─── EXERCISE DATA ───

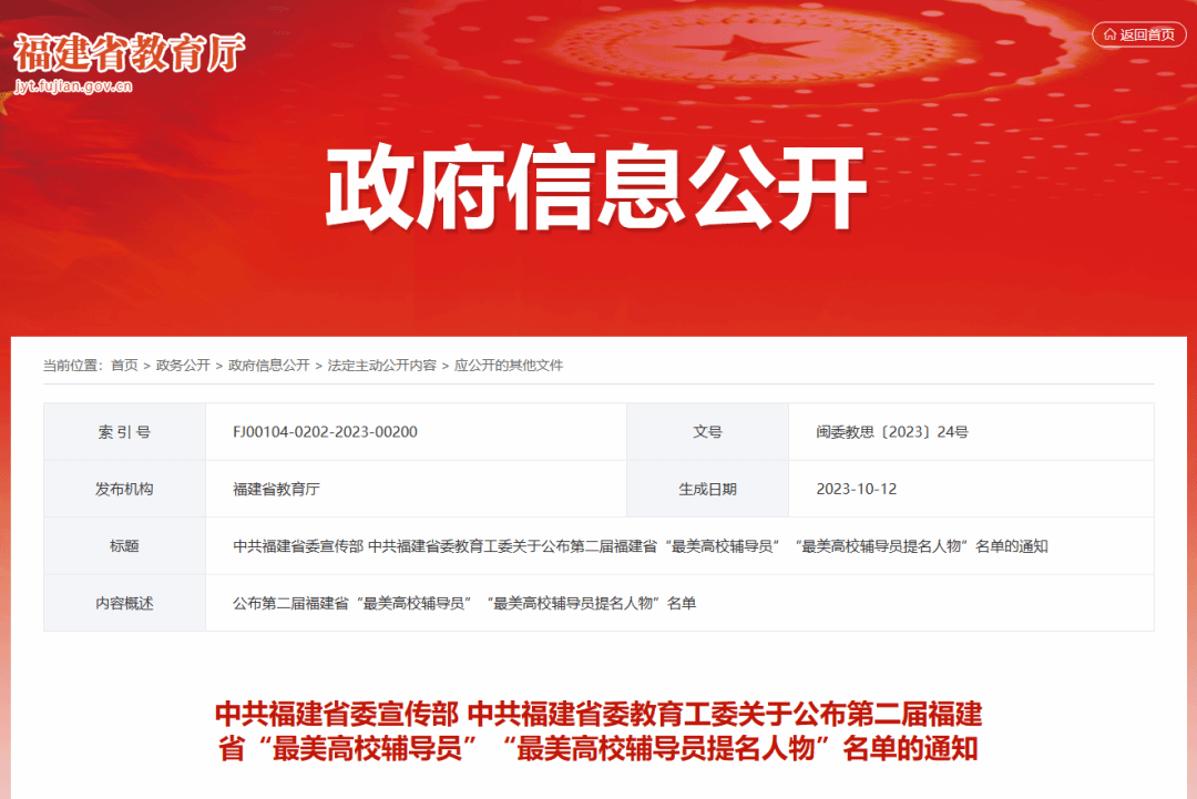 日前,福建省委宣传部、省委教育工委公布第二届福建省“最美高校辅导员”“最美高校辅导员提名人物”名单。经学校推荐、专家评审,共评选出第二届福建省“最美高校辅导员”10名、“最美高校辅导员提名人物”20名。开云官网辅导员杨爱娥荣获“最美高校辅导员提名人物”。
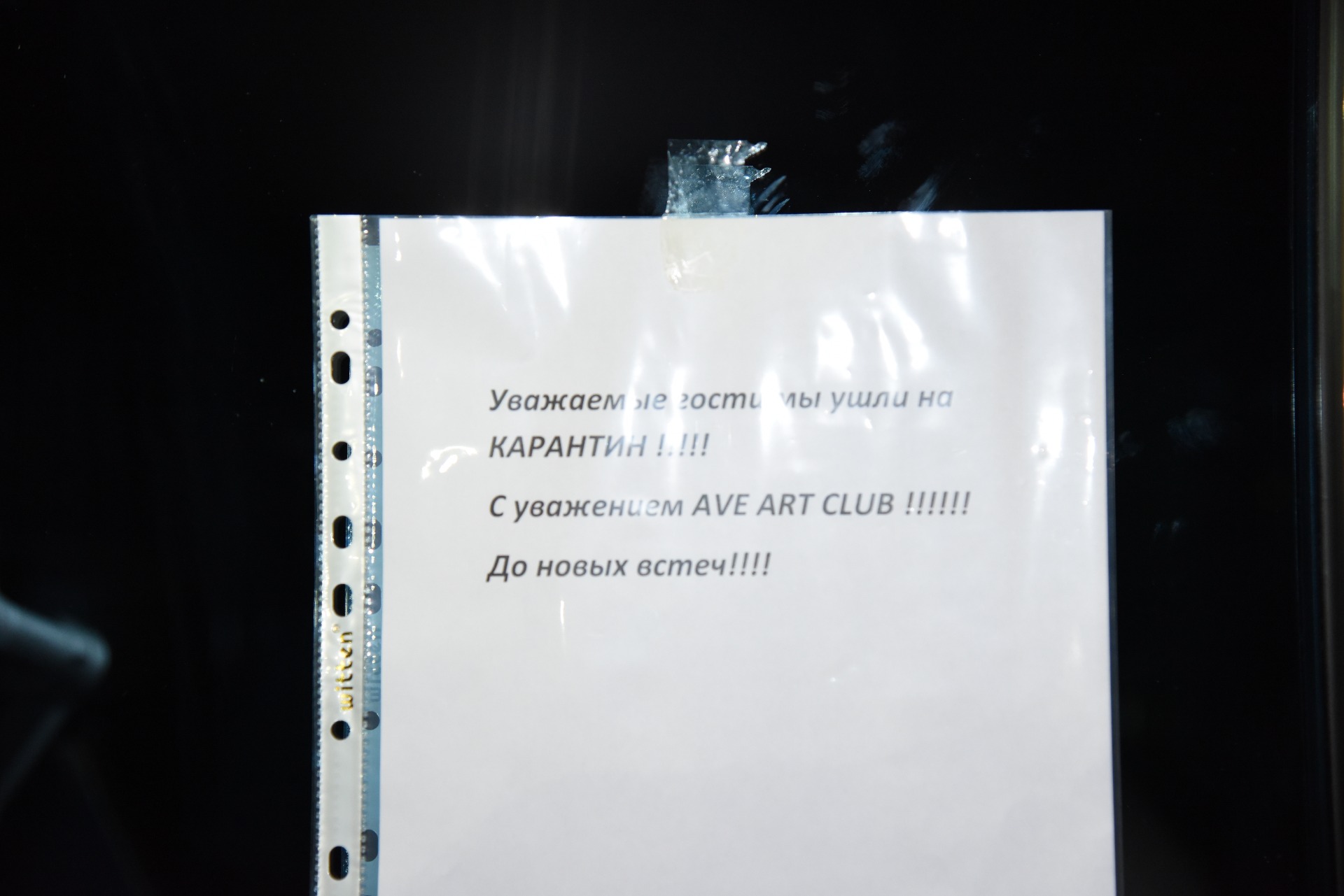 Аналогичная ситуация и с ночным клубом AVE. На дверях висит объявление: «Уважаемые гости, мы ушли на карантин. До новых встреч!».
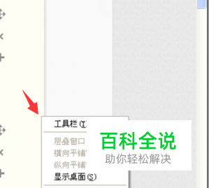 首先我们把鼠标放到任务栏的某一位置并右键一下,然后从右键选项菜单中点选“工具栏”选项。
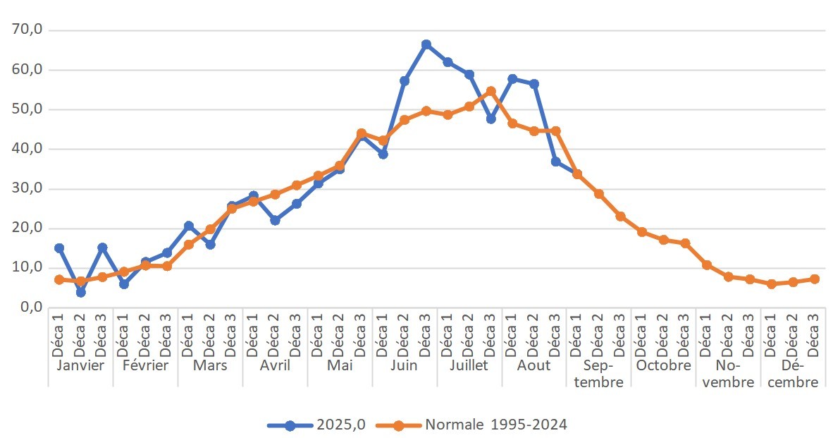 En effet, du début de l’année jusqu’à début juin, l’ETP relevée est restée très proche de la normale. A contrario, les ETP observées de mi-juin à mi-août ont été très supérieures aux normales (excepté la dernière décade de juillet), lesquelles ont généré deux périodes de déficit hydrique intenses (juin-juillet et août). Le graphique 2 compare les ETP de 2025 à celles de la normale.
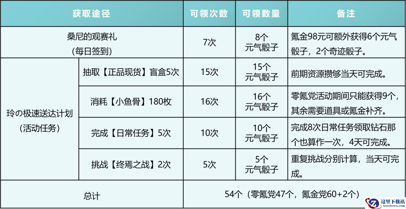 1. 本次活动每日礼包总价值194元,活动期间每日购买共需1358元。氪金总计可额外获得元气骰子77个,奇迹骰子21个。氪金党可以看着买,一般建议小氪领完两轮奖励即可。

───

Repeat only what lies between the start of the data and the end of the line containing "首先我们把鼠标放到任务栏的某", exactly, with pictures left out.

### RESULT FOR THIS TASK
 日前,福建省委宣传部、省委教育工委公布第二届福建省“最美高校辅导员”“最美高校辅导员提名人物”名单。经学校推荐、专家评审,共评选出第二届福建省“最美高校辅导员”10名、“最美高校辅导员提名人物”20名。开云官网辅导员杨爱娥荣获“最美高校辅导员提名人物”。
 Аналогичная ситуация и с ночным клубом AVE. На дверях висит объявление: «Уважаемые гости, мы ушли на карантин. До новых встреч!».
 首先我们把鼠标放到任务栏的某一位置并右键一下,然后从右键选项菜单中点选“工具栏”选项。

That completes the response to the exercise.